Last Updated on February 23, 2023, by eNotes Editorial. Word Count: 513
Intense and Unusual Familial Relationships
On one level, Stead’s portrayal of family life is as a small and petty sort of existence. Despite the novel’s occasional diversions into the affairs of the wider world, as with Sam’s work commitments in Malawi, readers soon come to realize that “The true setting of Stead’s novel is Pollitland.” An unpleasant sense of claustrophobia is produced by the close proximity of estranged parents and frightened children, all of whom communicate in their own familial language whose unusual idioms and sayings have the paradoxical effect of making a reader feel excluded while simultaneously forcing them to enter a world to which they feel themselves an intruder. But in her characterization, particularly of the parents, Stead also evokes a sense of grandeur, what Jane Smily in the Guardian terms “that sense of unstoppable and fated intensity that literature usually reserves for kings and queens.”
This misplaced majesty of Sam and Henny’s furthers the burlesque absurdity of both parents as characters. It can be observed in Sam’s self-righteous refusal to defend himself from the accusations of his colleagues and in Henny’s suicide, which is rich with dramatic flare and ceremony.

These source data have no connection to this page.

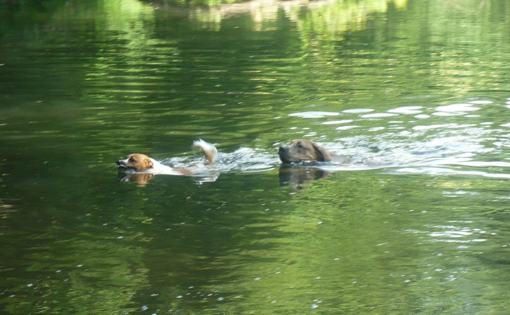 Wenn wir rumräubern auf unserer Hundewiese, rennen und in den Bach hüpfen hält Jacko bereits genauso mit wie Leah.
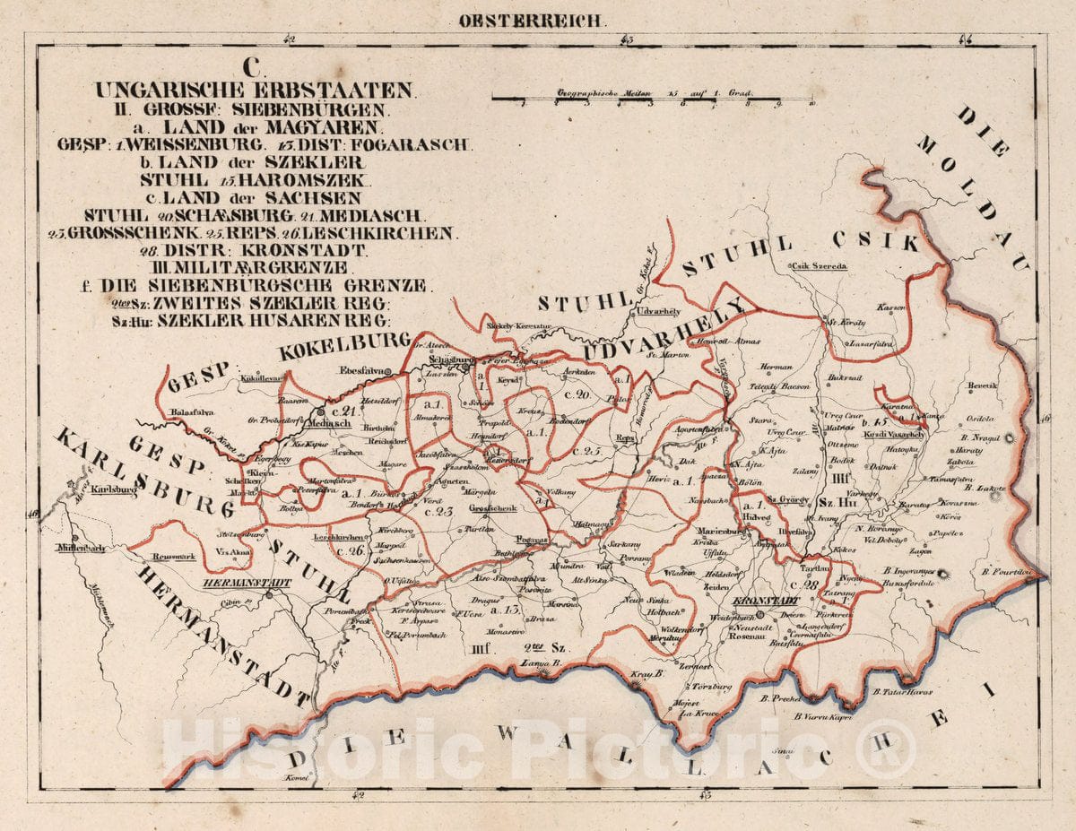 Historic Map : Austria, V.3:11-15:XII: 2. Oesterreich. C. Ungarische erbstaaten, II. Grossf: Siebenburgen. III. Militaergrenze, 1828 Atlas v1 , Vintage Wall Art
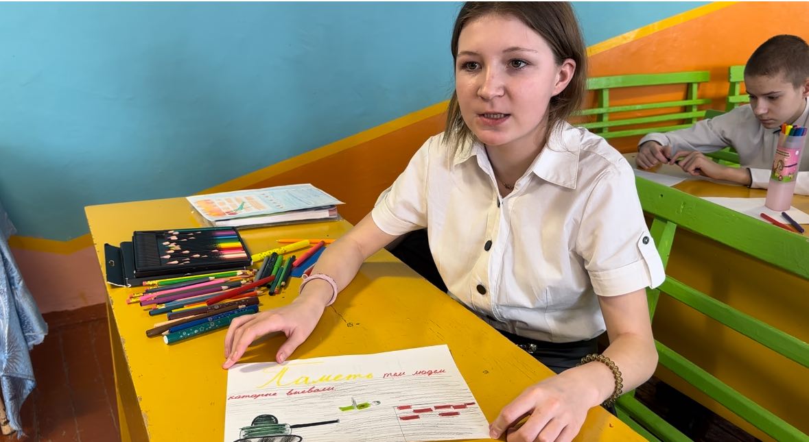 В нашей школе - интернате обучающиеся создали уголок памяти. В 6 классе проведено воспитательное мероприятие «Через музыку едины». Ребятам предлагалось прослушать музыкальное произведение "Симфония № 21 «Каддиш», Моисей Вайнберг". После прослушивания произведения, предлагалось обсудить их внутренние переживания, возникающие образы во время прослушивания, предложено изобразить их на бумаге. Далее обучающиеся озвучили свои восприятия от прослушивания симфонии. Харченко Данил рассказал стихотворение "Тёмный лес". Просмотрен фильм "Оккупация - Холокост". После просмотра приступили к обсуждению сюжета.
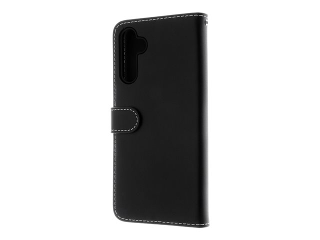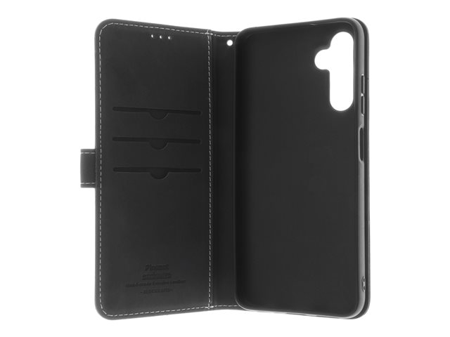 Insmat Exclusive - Läppäkansi matkapuhelimelle - nahka, kartonki + paperi + alumiinifolio, termoplastinen polyuretaanikehikko (TPU), puuvillaompeleet - musta malleihin Samsung Galaxy A25

This novel is rife with violent acts, both physical and psychological in nature, being perpetrated by Sam and Henny against their children. The sardonic, even comic manner in which Stead handles this violence is shocking; the intensity of both parents as characters and how this intensity contrasts with the passivity of their children is profoundly disturbing. Still more disturbing is Stead’s portrayal of the novel’s concluding act of violence, the attempted poisoning by Louie of her mother, as somehow heroic.
Immaturity and the Reversal of Parent/Child Roles
The chief irony of Stead’s work is that the parents are the immature figures, while the children increasingly demonstrate signs of awareness as to their situation. Sam’s immaturity lies in his commitment to ideals, his child-like faith in justice which blinds him to the injustices he perpetrates as a tyrannical father on his children. Meanwhile, his “love” for his children is such that he fails to recognize their increasing material needs. Henny, meanwhile, is more mature than her husband in that she recognizes both her husband’s shortcomings as a “little tin Jesus,” and the family’s material situation. Nonetheless, the abuse, both physical and psychological that she perpetrates on her children, especially on Louie, suggest a selfishness all her own. The intimation is that she is disappointed both with herself and with her children and is expressing this disappointment in the form of violence, first against her children and later against herself.
Louie’s increasing realization of her situation meanwhile indicates a kind of coming-of-age, which is reflected in the growing maturity of her artistic productions. Her constant endeavors to impress her father and her ultimate attempt to kill her mother suggest an oedipal progression toward adulthood, a type of adulthood that she ultimately rejects when she flees from her family to discover a new life for herself.